Higher Ground provides independence

“I found out I got a place the beginning of December. I was excited, oh my God, yes I was,. I can keep it clean the way I want. I like having my own key to my own place. I sure wanted to move in.”

Eugene, 50

On the very last night of shelter at Catholic Charities’ Dorothy Day Center, Eugene approached the front desk with an urgent plea, “Can I move in early please?”

Eugene, 50, had been spending his nights on the dining room floor at Dorothy Day Center, trying to get some rest, but a good night’s sleep was elusive. His belongings were packed up and he was more than ready to say goodbye to sleeping on those thin mats on the hard floor that never seemed to get warm, especially when the mercury plunged on Minnesota January nights.

“I sleep close to the back door, next to a friend, but my back is killing me,” he said. “I’m thankful to Dorothy Day Center, but it’s hard to sleep.”

The next morning, as soon as he could, Eugene walked down the street to his new home on the fifth floor of Catholic Charities’ Higher Ground Saint Paul.

“When I wake up in my new room I’m going to smile,” he said. “I’m going to relax and meditate.”

The search for peace and quiet has been a long one for Eugene. He’s called Saint Paul home for 30 years, but his early years were rough; he’s been shot at three different times. Eugene still carries a bullet in his back.
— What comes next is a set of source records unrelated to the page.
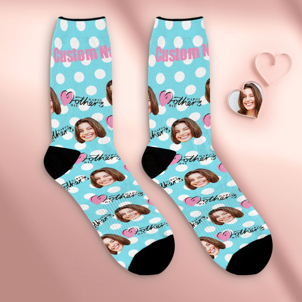 Custom Breathable Face Socks Personalized Soft Spotty Socks Gifts For Mom Happy Mother's Day
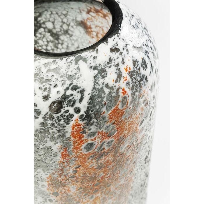 Deze mooie vaas heeft een echte jaren '70 uitstraling. Zowel door de kleursamenstelling als door de gebruikte glazuur techniek. Op de transparante Smoke kleurige vaas is een open glazuur aangebracht van oranje, bruin en wit. Zoals de naam reeds zegt, net een maanlandschap. Een paar takken en bloemen zullen deze vaas nog meer doen schitteren. Verkrijgbaar in verschillende uitvoeringen.
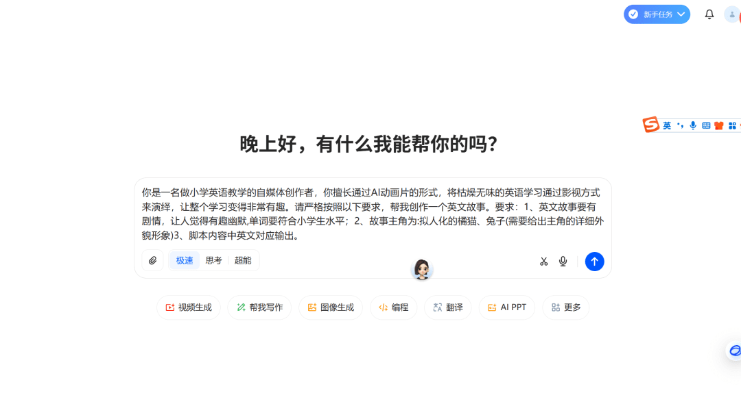 实战教程1.文案生成文案生成常用kimi、deepseek、claude、chatgpt或者豆包等等工具进行生成,这边我主要是为了方便我做案例,因此才选择豆包。输入提示词:你是一名做小学英语教学的自媒体创作者,你擅长通过AI动画片的形式,将枯燥无味的英语学习通过影视方式来演绎,让整个学习变得非常有趣。请严格按照以下要求,帮我创作一个英文故事。
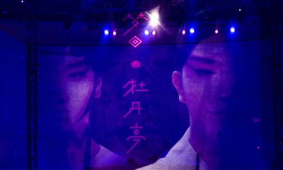 这是“十一”长假在北京园博园开幕的2018中国戏曲文化周的重头戏——戏曲科幻秀《梦回·牡丹亭》,为现场观众带来的全新科技感的传统戏曲体验。
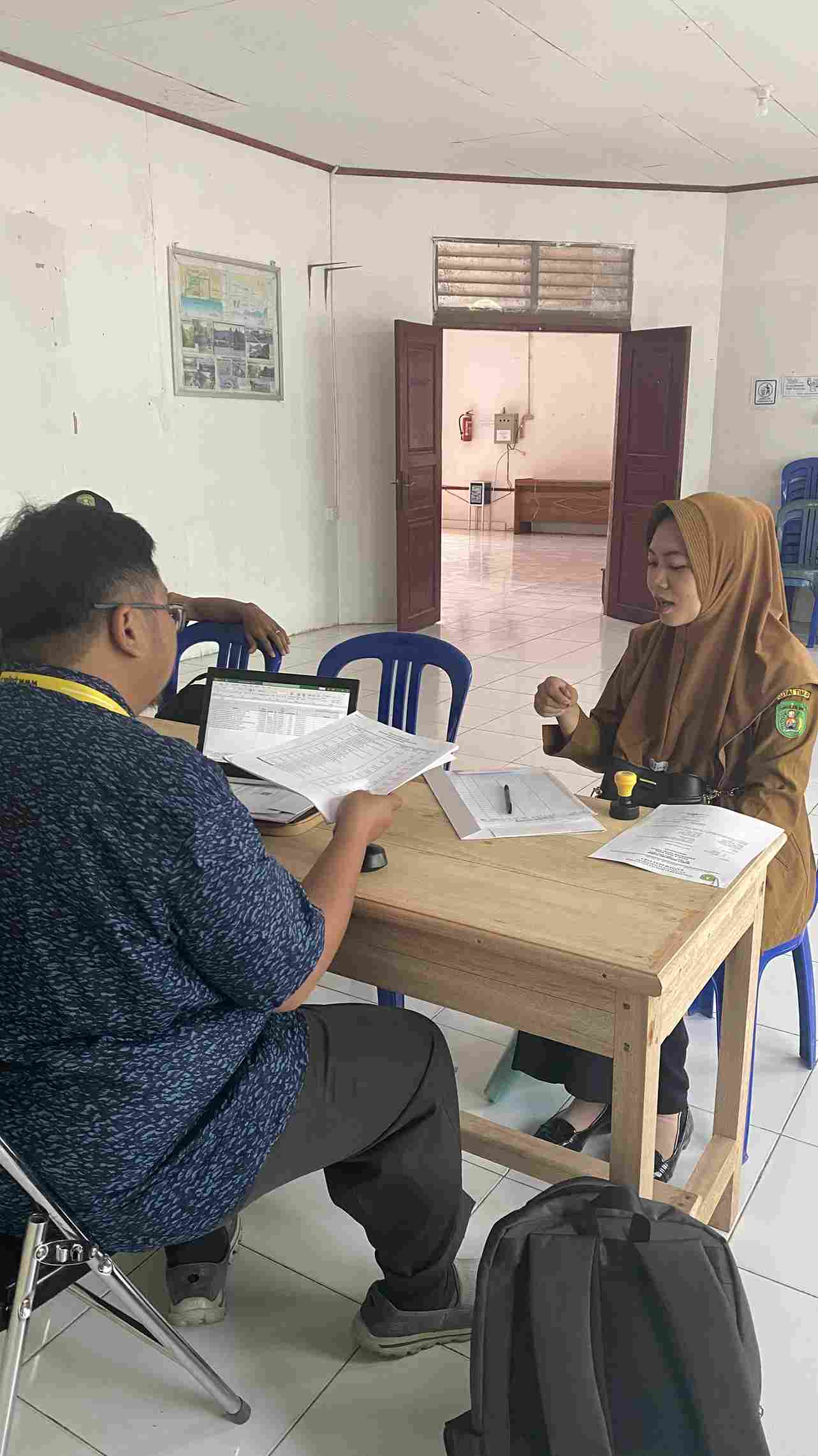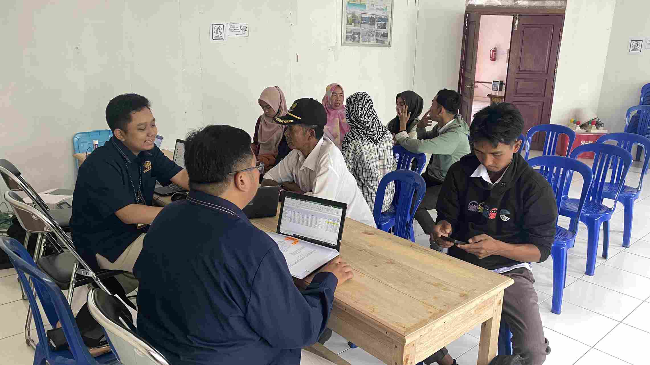 Account Representative KPP Pratama Bontang bertugas memberikan konsultasi tatap muka dengan kepada wajib pajak yang berkunjung. Salah satu wajib pajak yang hadir adalah perangkat Desa Benua Baru Ilir.

At Higher Ground Saint Paul, he’s hoping to enjoy the peaceful life he’s been working toward.

While the shelter there would have been more than a step up, being able to move into the residence there was a blessing for Eugene.
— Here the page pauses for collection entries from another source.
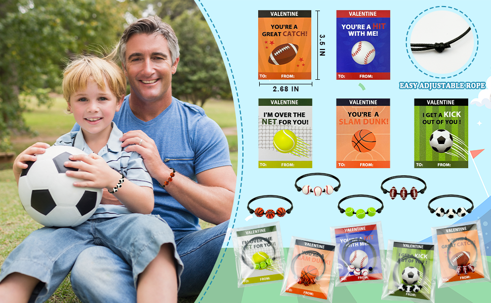 30-Pack Valentine's Day Sport Bracelets – Includes 30 adjustable sport bracelets (6 soccer, 6 basketball, 6 tennis, 6 baseball, 6 football) and matching greeting cards.Perfect for classroom Valentine's exchanges, school parties.
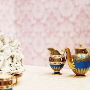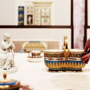 Commissioned as a gift for Prince Grigory Potemkin in 1777 (a close and loyal friend with whom she had had a passionate but short-lived romance), the service was named for the unique carved and painted imitation cameos that adorned each piece. It was made from a “soft-paste” porcelain which was better suited to the decoration required. The Russian Empress requested that the ground colour used for the service be sky blue with a hint of turquoise.
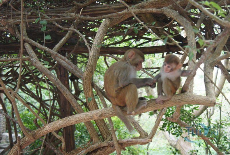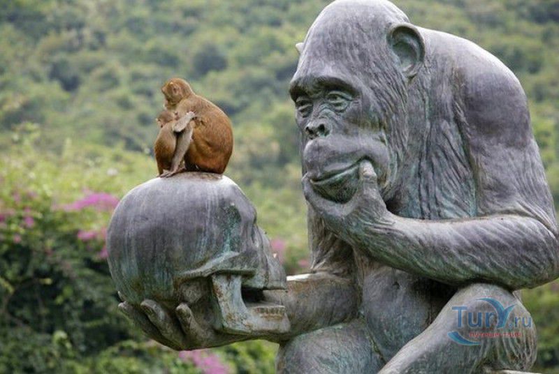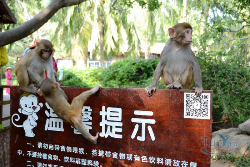 Остров Обезьян - единственный в мире тропический остров-заповедник, в котором обитают около 1500 особей макак-резусов, находящихся под охраной государства, и одновременно туристическая достопримечательность Китая, имеющая статус АААА (аналог 4*). Остров Обезьян расположен на юго-востоке острова Хайнань, в 14 км от города Линшуй, рядом с рыбацкой деревней Синцунь, от которой отделён небольшим проливом. В заповедник можно попасть либо на катере, либо по самой длинной в Китае надводной канатной дороге, протяженностью 2138 метров. Во время поездки из кабины открывается живописная панорама морского побережья и рыбацкого посёлка, построенного на воде. Заповедник Остров Обезьян был основан в 1965 году, расположен на территории площадью 10000 квадратных километров, 95% которой занимает тропический лес. Тёплый климат, пышная растительность, гроты, пещеры и обилие тропических фруктов - настоящий обезьяний рай. В заповеднике для обезьян построен большой бассейн, есть горячие источники, в которых макаки принимают водные процедуры. На входе в заповедник обычно "дежурят" несколько макак с флагами в лапах, приветствуя таким образом гостей Острова Обезьян. Макаки абсолютно не боятся людей, подходят совсем близко и очень любят фотографироваться с посетителями. Однако, не стоит забывать, что обезьяны - дикие животные. Они могут быть агрессивными и очень навязчивыми, особенно, если "решат", что у посетителя есть что-либо съедобное. В заповеднике есть обезьяний цирк и театр, в которых выступают дрессированные макаки, выполняющие довольно сложные трюки. В специально отведенном месте и только в присутствии сотрудников заповедника можно угостить обезьянок их любимыми лакомствами. Рядом с бассейном всегда многолюдно - посетители с интересом наблюдают за головокружительными прыжками макак с вершины деревьев в воду. В жаркие дни обезьяны устраивают весёлые игры в воде и самые настоящие соревнования по плаванию. После посещения заповедника можно провести время на большом песчаном пляже и продегустировать блюда из морепродуктов в ресторанчиках, расположенных прямо на рыболовецких плотах.

“I found out I got a place the beginning of December. I was excited, oh my God, yes I was,” he said. “I can keep it clean the way I want. I like having my own key to my own place. I sure wanted to move in.”
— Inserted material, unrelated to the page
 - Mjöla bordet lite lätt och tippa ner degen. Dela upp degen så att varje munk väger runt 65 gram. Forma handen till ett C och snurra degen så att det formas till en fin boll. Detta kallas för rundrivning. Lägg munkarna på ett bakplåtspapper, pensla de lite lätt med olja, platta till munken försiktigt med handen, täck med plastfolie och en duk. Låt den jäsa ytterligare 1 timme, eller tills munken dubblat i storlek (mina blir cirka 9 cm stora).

His room is small, but affordable. It features gorgeous views of his favorite city. The amenities he needs are all on his floor or within walking distance. It’s been more than one year since Eugene has had a place to call home. Leaving shelter life behind will allow him to get moving on accomplishing goals, he said. He’s working on getting his license back and started working out at the YMCA.

“I’m stable now,” he explained. “At the shelter, you’re not stable. You have to carry your belongings with you wherever you go, you have to get dressed in a hurry. When I have a home I can take my time getting dressed better and go out and take care of business.”

As he ‘takes care of business,’ Eugene hopes he can set himself up to move onto independence and leave his spot at Higher Ground Saint Paul for the next person who needs a hand up.

“Hopefully, in a year, I’ll be saved up and moved into my own place. I hope I can have my own place where I can have a dog again.”